Front. Microbiol., 15 September 2014 |

Ori-Finder 2, an integrated tool to predict replication origins in the archaeal genomes

Hao Luo1, Chun-Ting Zhang1* and Feng Gao1,2,3*
  • 1Department of Physics, Tianjin University, Tianjin, China
  • 2Key Laboratory of Systems Bioengineering (Ministry of Education), Tianjin University, Tianjin, China
  • 3SynBio Research Platform, Collaborative Innovation Center of Chemical Science and Engineering, Tianjin, China

DNA replication is one of the most basic processes in all three domains of cellular life. With the advent of the post-genomic era, the increasing number of complete archaeal genomes has created an opportunity for exploration of the molecular mechanisms for initiating cellular DNA replication by in vivo experiments as well as in silico analysis. However, the location of replication origins (oriCs) in many sequenced archaeal genomes remains unknown. We present a web-based tool Ori-Finder 2 to predict oriCs in the archaeal genomes automatically, based on the integrated method comprising the analysis of base composition asymmetry using the Z-curve method, the distribution of origin recognition boxes identified by FIMO tool, and the occurrence of genes frequently close to oriCs. The web server is also able to analyze the unannotated genome sequences by integrating with gene prediction pipelines and BLAST software for gene identification and function annotation. The result of the predicted oriCs is displayed as an HTML table, which offers an intuitive way to browse the result in graphical and tabular form. The software presented here is accurate for the genomes with single oriC, but it does not necessarily find all the origins of replication for the genomes with multiple oriCs. Ori-Finder 2 aims to become a useful platform for the identification and analysis of oriCs in the archaeal genomes, which would provide insight into the replication mechanisms in archaea. The web server is freely available at


DNA replication is one of the essential and conserved features among all three domains of life. In bacteria, DNA replication initiates from a single replication origin (oriC), which is often adjacent to the replication-related genes and distributed with the DnaA box motifs, whereas eukaryotic organisms exploit significantly more replication origins, ranging from hundreds in yeast to tens of thousands in human (Gao et al., 2012). Archaea are classified as a separate domain in the three-domain system, and share some similar features with both bacteria and eukaryotes (Woese and Fox, 1977). Similar to the bacteria, the oriCs in archaea are located in the intergenic regions around the replication-related proteins and distributed with the origin recognition boxes (ORBs). The ORB motifs are the conserved sequences and recognition sites for the Orc1/Cdc6 initiation proteins (Barry and Bell, 2006). In some organisms, G-stretches are also observed at the end of ORBs. On the other hand, the origin binding proteins in archaea are homologous to the related eukaryotic Orc1/Cdc6 proteins, and some archaea could also adopt more than one oriC to initiate DNA replication. With the increasing availability of complete archaeal genomes, identification of their oriCs would provide further insight into the mechanism of DNA replication in archaea and reveal the evolutionary history between bacteria and eukaryotes (Barry and Bell, 2006; Wu et al., 2014b).

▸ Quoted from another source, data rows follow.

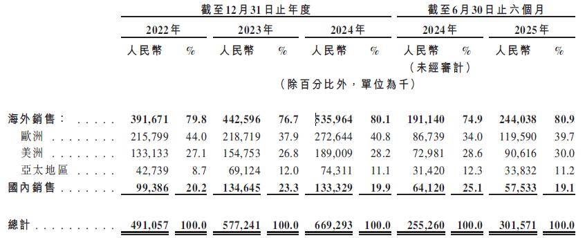 其一,海外市场依赖症是悬顶之剑。2022年至2025年上半年,鲟龙科技海外销售占比始终高于76%,2025年上半年高达80.9%,其中欧美市场是关键,地缘政治与贸易政策风险敞口巨大。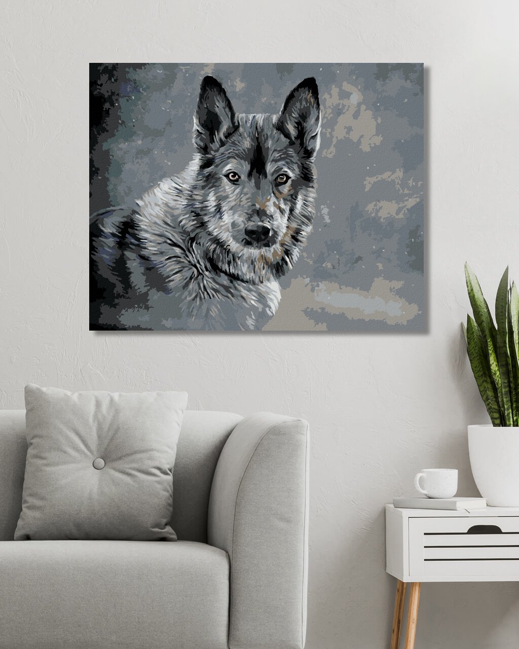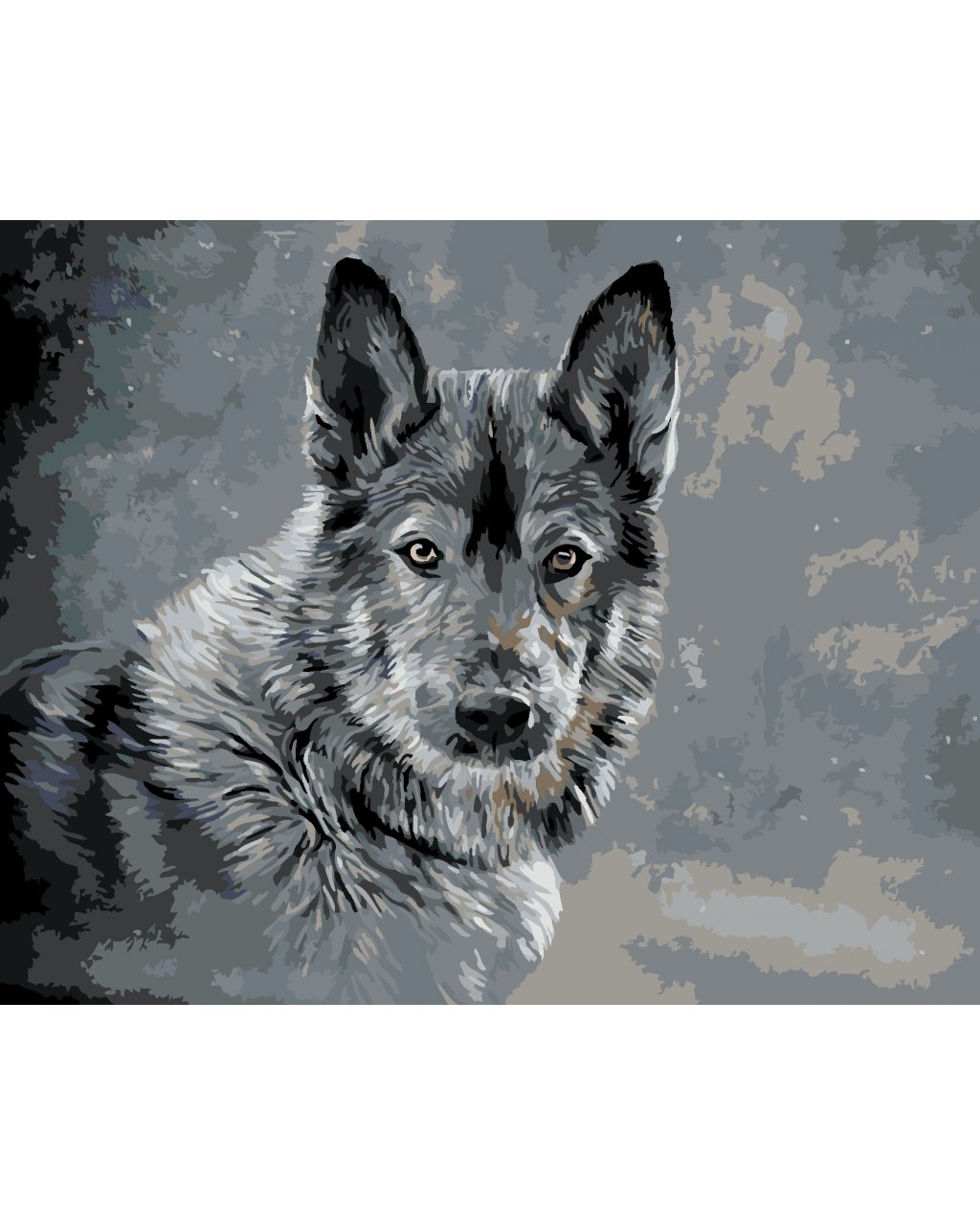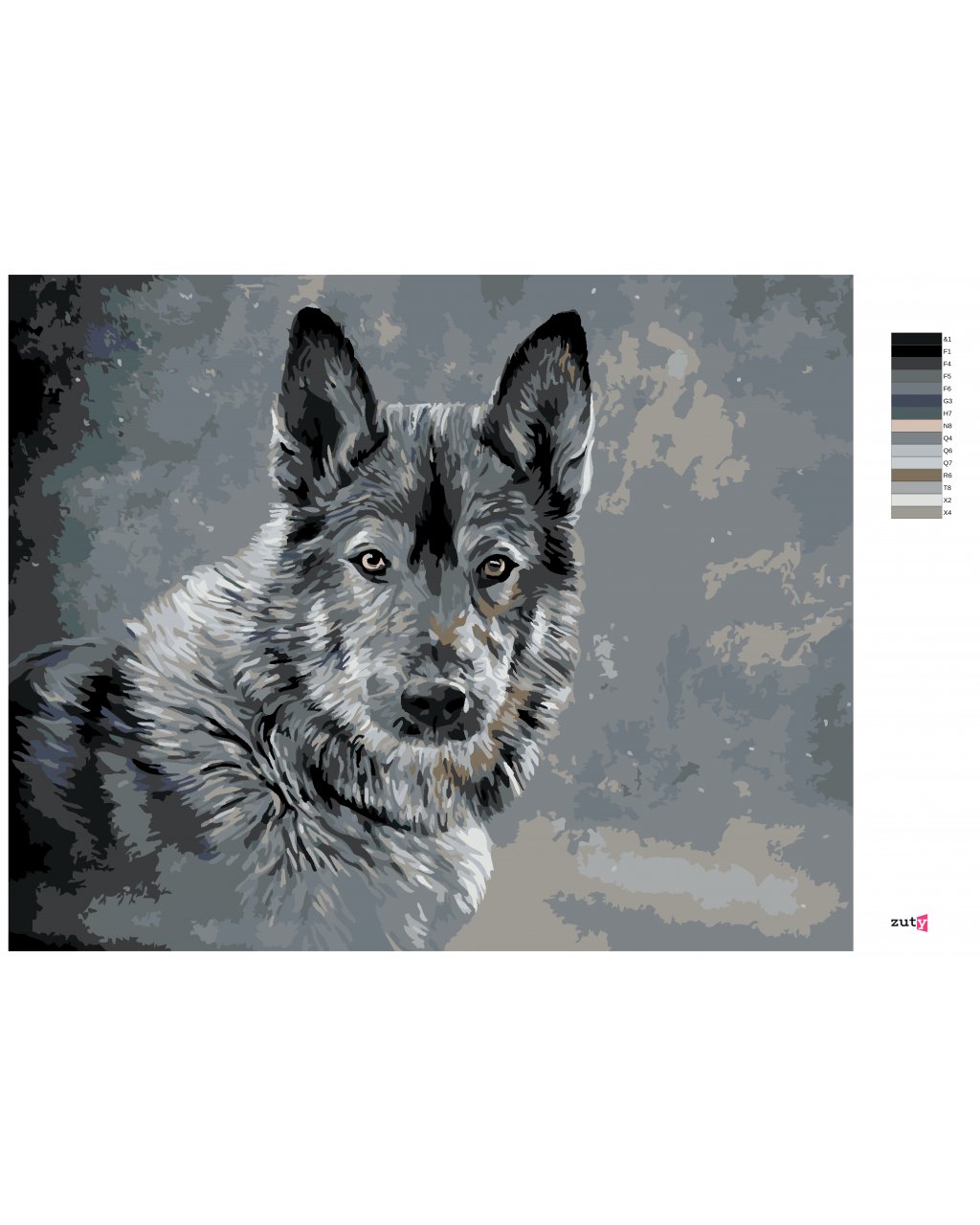 Maľovanie podľa čísel - VLK NA SIVOM POZADÍ
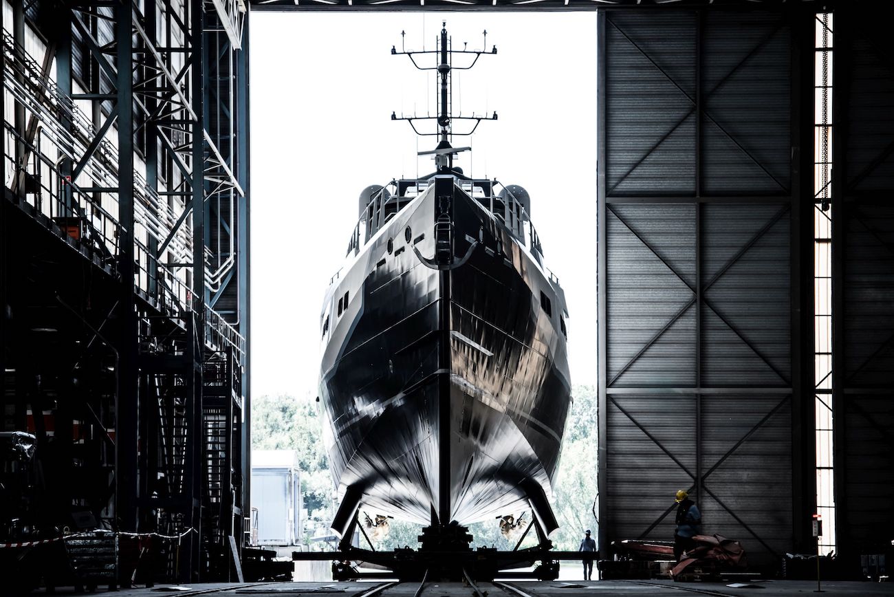 The 46m/151ft support yacht BAD COMPANY SUPPORT (PINK SHADOW, JOY RIDER, YS 4508) from Damen was launched in 2019. Constructed with a steel hull and aluminium superstructure, her naval architecture is also the work of the shipyard.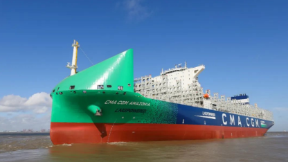 8月23日,中國船舶集團(tuán)旗下滬東中華聯(lián)合中船貿(mào)易為法國達(dá)飛海運(yùn)集團(tuán)建造的13000TEU雙燃料動力集裝箱船系列6號船“CMA CGM AMAZONIA”號命名交付。至此,該系列船6艘船全部交付,順利收官。
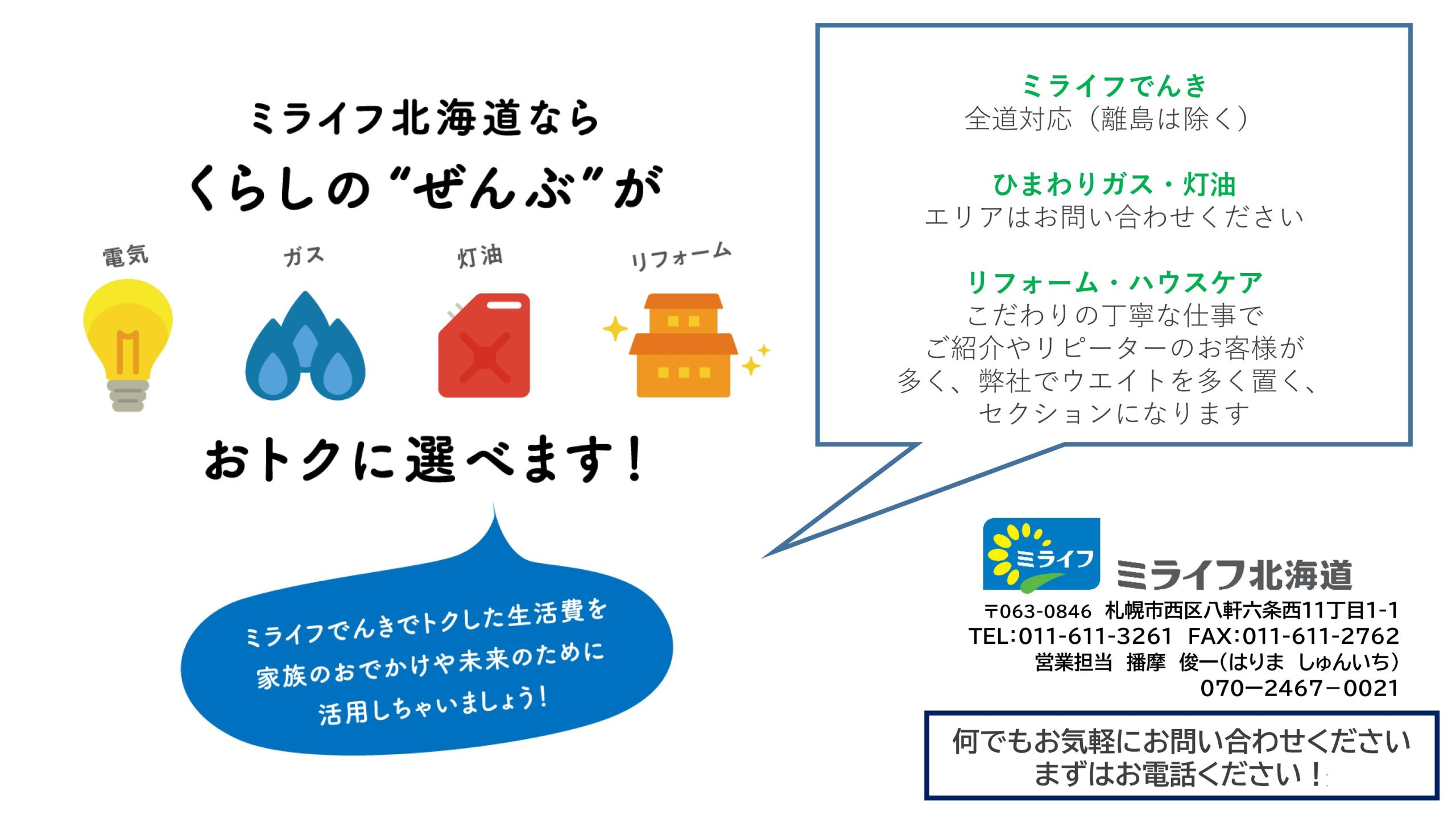 ミライフ北海道株式会社様とのやり取りでご成約いただけましたら、電気をオトクに使える生活がスタート!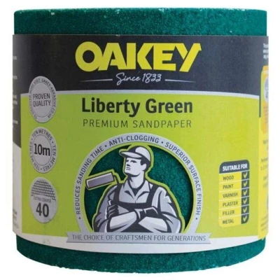 General description Oakey Liberty Green Sanding Roll is the professional decorator’s first choice for sanding. It works faster, lasts longer, and resists clogging, delivering everything a true tradesperson requires. This sanding roll is perfect for everyday decorating as well as heavy-duty applications. Technical specifications Grit: 40 (coarse) Roll size: 115 mm wide x 10 m long Material: Premium grade aluminium oxide with heavy E-weight backing Compatibility and accessories Suitable for hand and machine sanding Can be used on wood, metal, plaster, filler, varnish, and paint Other information

The first putative oriC of archaea was identified in Halobacterium sp. strain NRC-1 by GC-skew method and demonstrated by cloning into a non-replicating plasmid (Myllykallio et al., 2000). The Z-curve method is an alternative technique that detects the asymmetrical nucleotide distribution around replication origins. The three components of the Z-curve, xn, yn, and zn display the distributions of purine versus pyrimidine (R vs. Y), amino versus keto (M vs. K) and strong H-bond versus weak H-bond (S vs. W) bases along the sequence, respectively. The xn and yn components are termed the RY and MK disparity curves, respectively. The AT and GC disparity curves are defined by (xn + yn)/2 and (xn -yn)/2, which shows the excess of A over T and G over C, respectively, along the sequence (Zhang and Zhang, 2005; Gao, 2014). Based on the Z-curve analysis, we have identified single oriC in Methanocaldococcus jannaschii and Methanosarcina mazei, double oriCs in Halobacterium sp. strain NRC-1, and three oriCs in Sulfolobus solfataricus P2, which are consistent with the subsequent experiments (Soppa, 2006). Recently, multiple orc1/cdc6-associated oriCs in all the available haloarchaeal genomes have been predicted by identification of putative ORBs (Wu et al., 2012). Based on these discoveries, several basic features of the oriCs could be summarized in archaea. Firstly, most oriCs are located in proximity to the genes encoding archaeal replication-related proteins, such as archaeal Orc/Cdc6 protein, Whip (Winged-Helix Initiator Protein) and DNA primase. Secondly, oriCs are often located around the extremes of disparity curves. Finally, most of the oriCs contains the AT-rich unwinding elements and conserved ORBs (Zhang and Zhang, 2005; Barry and Bell, 2006; Wu et al., 2014a).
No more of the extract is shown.